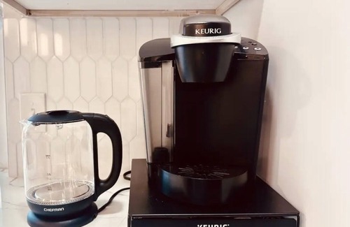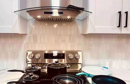 Complimentary Wi-Fi, Netflix, tea and coffee. The kitchen comes fully loaded with brand new stainless steel appliances such as a microwave, fridge, oven, and dishwasher along with glasses, mugs, dishes and cutlery.
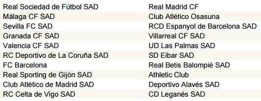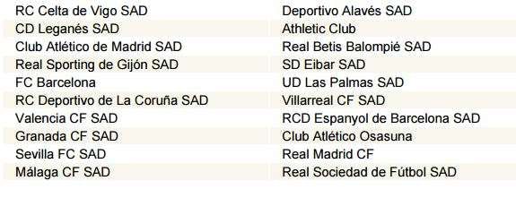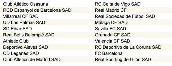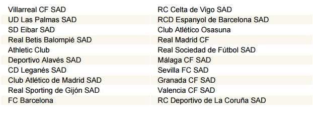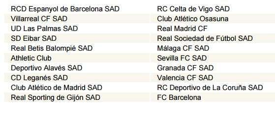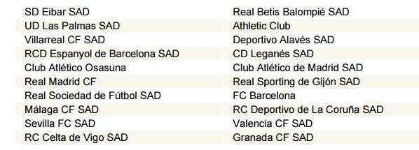 Gameweek 19: 22/01/2017. The teams on the left will play at home. The reverse fixture (matchday 38) will take place on 21/05/2017
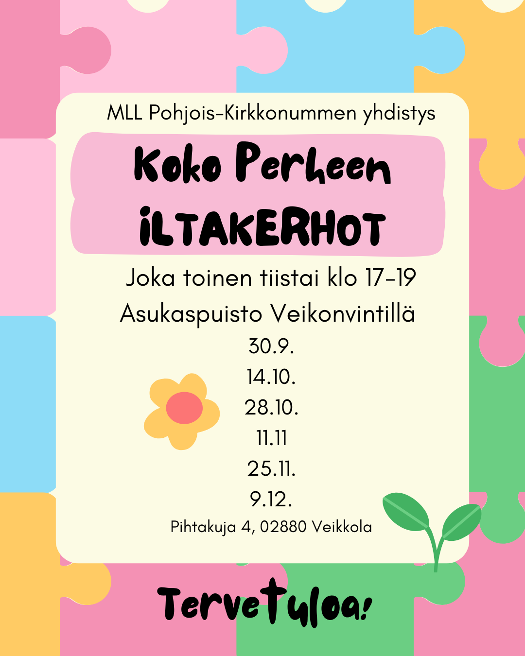 Olemme koonneet teille Veikkolan alueen perhekalenterin keväälle 2025. Kalenterista näkyy mitä toimintaa Veikkolassa on pikkulapsiperheille. Tervetuloa mukaan ja tapaamaan toisia lapsiperheitä.
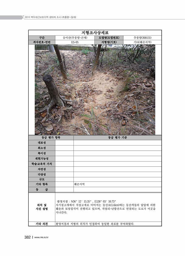 2016 백두대간보호지역 생태계 조사 추풍령밀재 382Ⅰwww.nie.re.kr 지형조사상세표 구간 웅이산 추풍령-큰재 도엽명 도엽번호 추풍령 368131 격자번호-연번 E5-05 지형명 기호 기타 훼손지역 등급 평가 항목 등급 평가 기준 대표성 희소성 특이성 재현가능성 학술?교육적 가치 자연성 다양성 규모 기타 항목 훼손지역 등 급 위치 및 사진 설명 촬영지점 N36° 12′ 15.35″ , E128° 03′ 10.73″ 사기점고개에서 작점고개로 이어지는 등산로 1.6km 에는 등산객들의 답압에 의한 훼손과 토양침식이 진행되고 있으며, 작점리난함산으로 연결되는 도로가 이곳을 지나간다. 기타 의견 촬영지점과 지형의 위치가 인접하여 동일한 좌표를부여하였다.

### TASK DESCRIPTION
Retype the line containing "Gameweek 19: 22/01/2017." and all lines after it through the end of the material, exactly and only those, leaving out pictures.

### FINISHED EXERCISE
 Gameweek 19: 22/01/2017. The teams on the left will play at home. The reverse fixture (matchday 38) will take place on 21/05/2017
 Olemme koonneet teille Veikkolan alueen perhekalenterin keväälle 2025. Kalenterista näkyy mitä toimintaa Veikkolassa on pikkulapsiperheille. Tervetuloa mukaan ja tapaamaan toisia lapsiperheitä.
 2016 백두대간보호지역 생태계 조사 추풍령밀재 382Ⅰwww.nie.re.kr 지형조사상세표 구간 웅이산 추풍령-큰재 도엽명 도엽번호 추풍령 368131 격자번호-연번 E5-05 지형명 기호 기타 훼손지역 등급 평가 항목 등급 평가 기준 대표성 희소성 특이성 재현가능성 학술?교육적 가치 자연성 다양성 규모 기타 항목 훼손지역 등 급 위치 및 사진 설명 촬영지점 N36° 12′ 15.35″ , E128° 03′ 10.73″ 사기점고개에서 작점고개로 이어지는 등산로 1.6km 에는 등산객들의 답압에 의한 훼손과 토양침식이 진행되고 있으며, 작점리난함산으로 연결되는 도로가 이곳을 지나간다. 기타 의견 촬영지점과 지형의 위치가 인접하여 동일한 좌표를부여하였다.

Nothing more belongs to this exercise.